Winbright stared into the darkness and shivered. "What is the game they play in Yorkshire, Fred? When they send children alone into the dark to summon the Raven King. What are those words they say?"

Fred sighed and shook his head. "It has to do with hearts being eaten," he said. "That is all I recall."

"How they stare at us, Fred," said Winbright. "They are very impertinent owls. I had always thought they were such shy little creatures."

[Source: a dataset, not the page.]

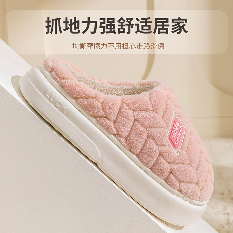 家居室内防滑加绒保暖毛拖鞋 棉拖鞋 厚底2025新款 秋冬季 男冬天 女款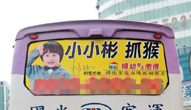 據(jù)臺灣《聯(lián)合報》報道,臺灣知名童星小小彬替征信業(yè)者代言,寫著“小小彬抓猴”(“抓猴”意為抓外遇)的廣告牌,放在客運車上在臺灣“趴趴走”,臺中市議員抨擊“兒童抓猴”是負面教育,市長胡志強認為很不妥,且違反“兒少法”,下令今天起“不撤廣告就開罰”。

"They do not like us," said Fred sadly.

"They like you better, Jane. Why, one is upon your shoulder now. Are you not afraid?"

"No, sir."

"Those feathers," said Fred, "those soft feathers between the wing and the body dance like flames when they swoop. If I were a mouse I would think the flames of Hell had come to swallow me up."

"Indeed," murmured Winbright, and both men watched the owls glide in and out of the gloom. Then suddenly one of the owls cried out – a hideous screech to freeze the blood.

Miss Tobias looked down and crossed her hands – the very picture of a modest governess. "They do that, you know," she said, "to petrify their prey with fear; to turn it, as it were, to stone. That is the cruel, wild magic of owls."

But no one answered her, for there was no one in the corridor but herself and the owls (each with something in its beak). "How hungry you are, dearest," said Miss Tobias approvingly, "One, two, three swallows and the dish goes down."

About midnight Mr Strange's book appeared to him so dull and the night so sweet that he left the house and went out into the apple orchard. There was no wall to this orchard but only a grassy bank. Mr Strange lay down beneath a pear tree and, though he had intended to think about magic, he very soon fell asleep.

A little later he heard (or dreamt that he heard) the sound of laughter and of feminine voices. Looking up, he saw three ladies in pale gowns walking (almost dancing) upon the bank above him. The stars surrounded them; the nightwind took their gowns and blew them about. They held out their arms to the wind (they seemed indeed to be dancing). Mr Strange stretched himself and sighed with pleasure. He assumed (not unreasonably) that he was still dreaming.